Se encontró que la capacidad de neutralización de ADRI-2F3 es muy alta. Mientras que los anticuerpos de la técnica anterior (documento W^o 2011/045079) fueron efectivos para neutralizar el VHB a concentraciones entre 18 y 88 nanogramos por mililitro (documento WO 2011/045079, página 37, tabla 2), el anticuerpo monoclonal de acuerdo con la invención fue capaz de neutralizar VHB eficiente a 2,7 nanogramos por mililitro.

La potencia extrema del anticuerpo ADRI-2F3 de acuerdo con la invención fue corroborado además por la determinación de su título protector en un kit de titulación anti-HB estándar (Abbott Architect anti-HBs). Se descubrió que el mAb ADRI-2F3 tenía un título protector de más de 43,000 UI/mg de anticuerpo. En comparación, los anticuerpos VHB-17 y VHB-19 de la técnica anterior (Eren et al., Hepatology 32 (2000), 588-596) tenían títulos de 514 UI/mg y 2,900 UI/mg de anticuerpo en este mismo ensayo. El anticuerpo de la técnica anterior HB-C7A tenía un título protector de 2600 UI/mg de anticuerpo en este ensayo (Antivir. Res. (2007) 75: 113-120 y Antivir. Res. (2008) 79: 188-191) En comparación, el título de protección convencional de anti-HB en personas vacunadas se establece arbitrariamente en 10-12 UI/ml [18].

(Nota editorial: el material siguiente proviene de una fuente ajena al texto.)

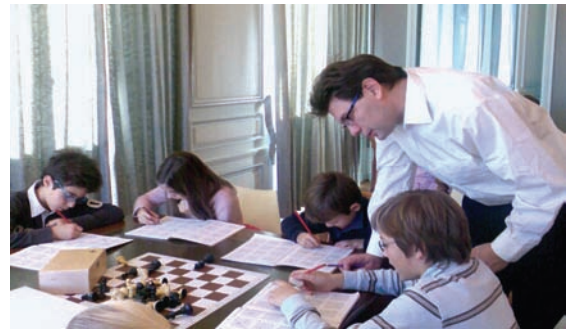
Les enfants concentrés sur leur cahier avec le soutien du Grand-Maître

dispose le professeur d'échecs, le club ou l'école.
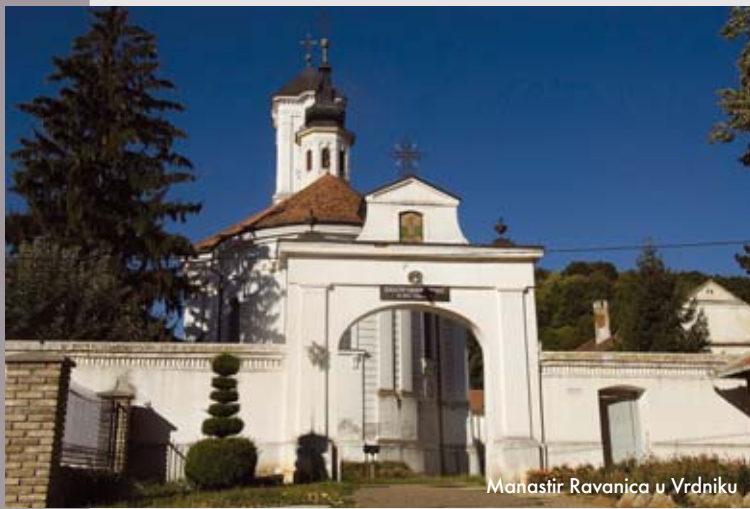
Manastir Ravanica u Vrdniku
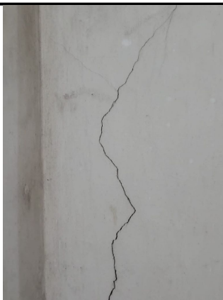
Trinca na vertical
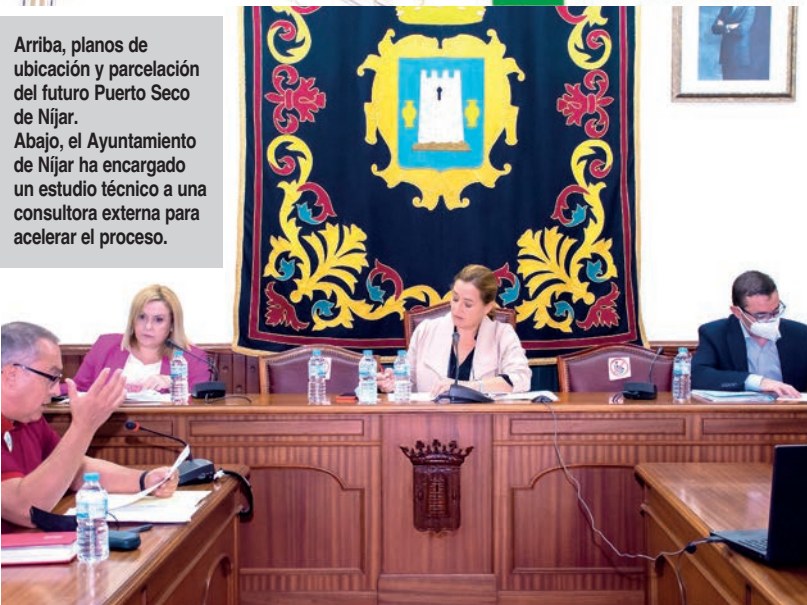
Arriba, planos de ubicación y parcelación del futuro Puerto Seco de Níjar. Abajo, el Ayuntamiento de Níjar ha encargado un estudio técnico a una consultora externa para acelerar el proceso.
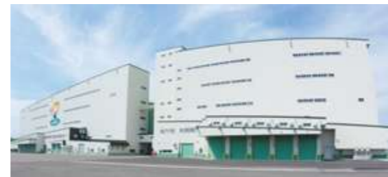
網走市麦類乾燥調製貯蔵施設

建築にあたっては、建設資材の価格・需給動向や、建設コスト低減に向けた新工法・資材の情報収集に注力。期日までに施設の引き渡しができるよう、工事期間中の安全管理、工程・工事監理を徹底しています。一方、食の安全・安心への要求の高まりを受け、高品質な農産物の出荷に向けた施設の普及も推進。これらに関する新技術の検証や試験についても、関係機関と連携して積極的に取り組んでいます。
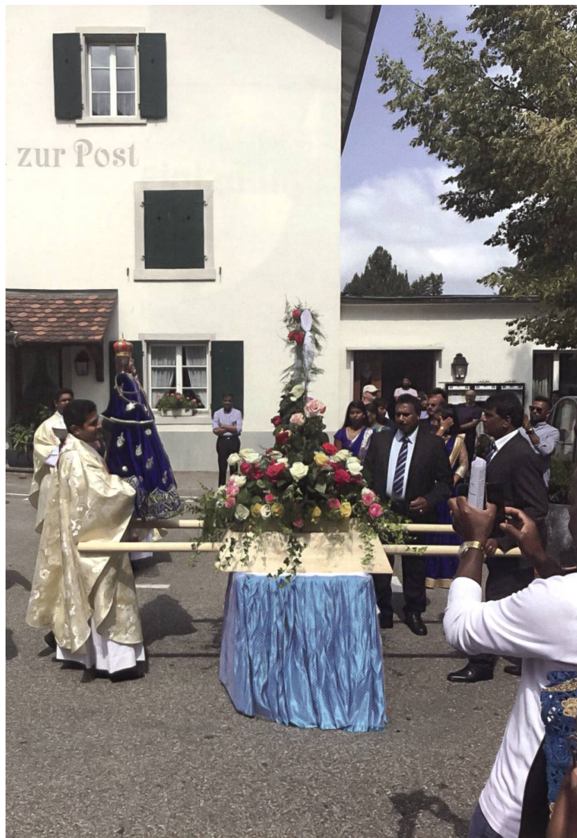
Grosse Wallfahrt der Tamilen am 18. August 2018: Tamilischer Priester mit der Madonna von Madu Matha (Sri Lanka).

Lourdespilgerverein linkes Zürichseeufer (7. Oktober) Groupe Notre-Dame de la Lumière (Blindenseelsorge Romandie) (18. Oktober) Pilgergruppe aus Sementina TI (6. Dezember)
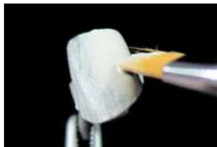
5. Opaker 1-sza warstwa (pokrycie)
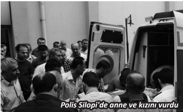
Polis Silopi'de anne ve kızını vurdu
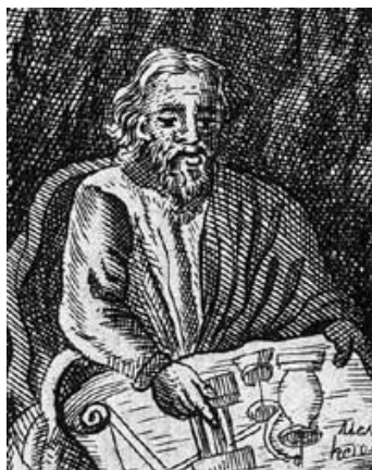
Heron von Alexandria (1. Jahrhundert n.C.)
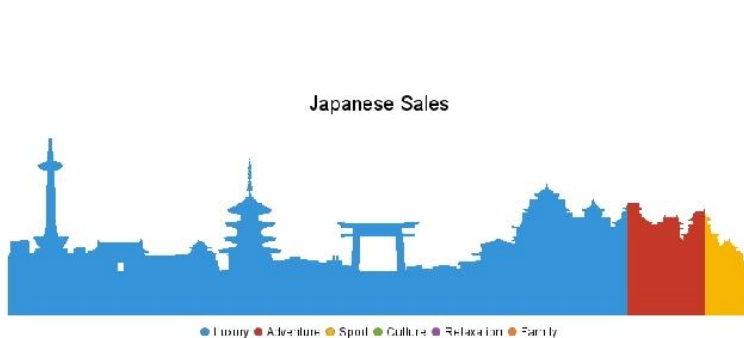
プロポーショナルインフォグラフィックススタイルチャート
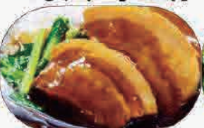
豚バラ醤油煮 小600円
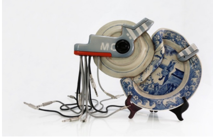
Görsel 19. Brendan Tang, Manga Ormolu Ver. 4.0-w, Elle biçimlendirme fırça dekor, 2016 http://www.brendantang.com/work-1/#/new-gallery-5/

16. yüzyılın sonlarından başlayarak Avrupa aristokrasisine Çin'den Avrupa'ya gelen porselenleri daha cazip hale getirebilmek için, yarı değerli veya değerli metal parçalarıyla yapılan geleneksel aplike işlemine ormolu denir. Ormolu Porselenler kısaca doğu batı sentezi porselen üretimine verilen isimdir. Eserlerinde ormolu porselenlerden feyz alan Kanadalı sanatçı Brendan Tang, Manga Ormolu Ver. 4.0-w (Görsel 19) adlı serisinde biçimlendirdiği Çin porselenlerini "fütüristtik robotik protezlerle savaşıyormuş gibi göstermektedir" (Dymond, 2010).
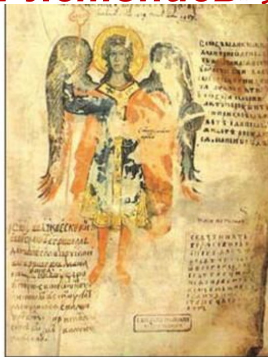
Миниатюра из Лавришевского евангелия
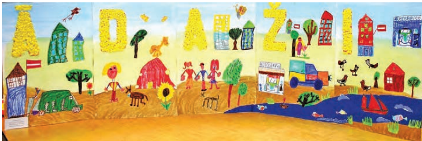
Kadagas pirmsskolas izglītības iestādes „Ezišu” grupiņas darbs
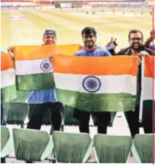
धर्मशाला। भारत और न्यूजीलैंड के मैच के दौरान भारतीय टीम का समर्थन करते खेलप्रेमी।
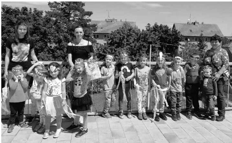
MDD ve třídě Sluníčka.

Nejoblíbenější letní kratochvíle, které se vždycky nemůžou všichni školkařiči dočkat – koupání v bazénku na zahradě.
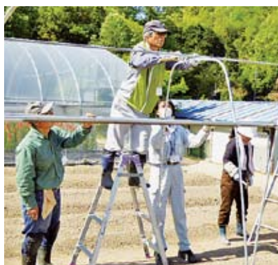
「スローライフで夢づくり」新規就農者育成
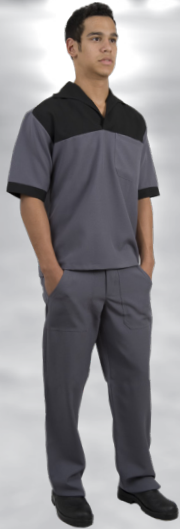
OP | 13
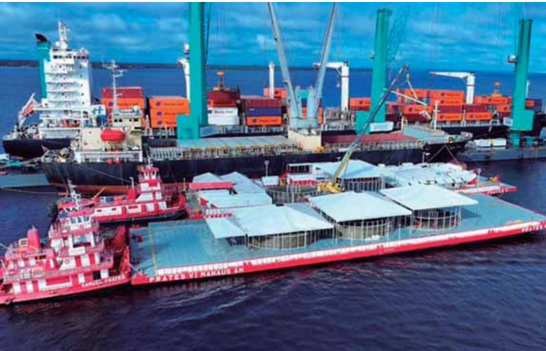
Brasil recebeu 3.170 quilômetros de cabos de fibra óptica provenientes da China

Para o ministro das Comunicações, Frederico de Siqueira Filho, o projeto vai além da infraestrutura. "Ele promove desenvolvimento social e econômico, conecta escolas, unidades de saúde, órgãos públicos e, principalmente, leva oportunidades à população amazônica. É conectividade como instrumento de cidadania e inclusão", afirmou. De acordo com o ministro, os
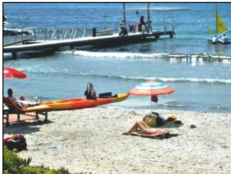
Ponton aménagé Pierre Caron, Association Un fauteuil à la mer à Giens

Nous avons répertorié un grand nombre d'adresses d'activités accessibles aux personnes à mobilité réduite que nous tenons à disposition à l'accueil et sur notre site internet. Nous pouvons proposer des sorties, promenades, activités sportives et de loisirs, musées, plages, restaurants, accessibles et accueillants !

Títulos protectores de anticuerpos de VHB se expresan en unidades internacionales (UI) que permite la estandarización en diferentes ensayos. En 1977, se estableció una Preparación de referencia internacional para la inmunoglobulina anti-HB (W1042). El plasma utilizado en la preparación de este estándar se obtuvo de individuos que habían sido infectados naturalmente con el virus de la hepatitis B [15, 16].

Debido a que sólo 250 viales se prepararon a partir del plasma original, una Segunda Norma Internacional de la OMS para el antígeno de superficie B anti-hepatitis se preparó posteriormente de un grueso de 5% (p/v) de inmunoglobulina hepatitis concentración de proteína B que había sido formulado para una concentración objetivo de 100 UI/ml de acuerdo con la primera preparación de referencia IS [17].

El anticuerpo humano ADRI-2F3 se caracterizó por determinación de la secuencia de nucleótidos de sus regiones variables (tabla 1) y las regiones determinantes de la complementariedad (CDR) en la misma (tabla 2). Por lo tanto, la invención se refiere a un anticuerpo o parte del mismo como se define en las reivindicaciones.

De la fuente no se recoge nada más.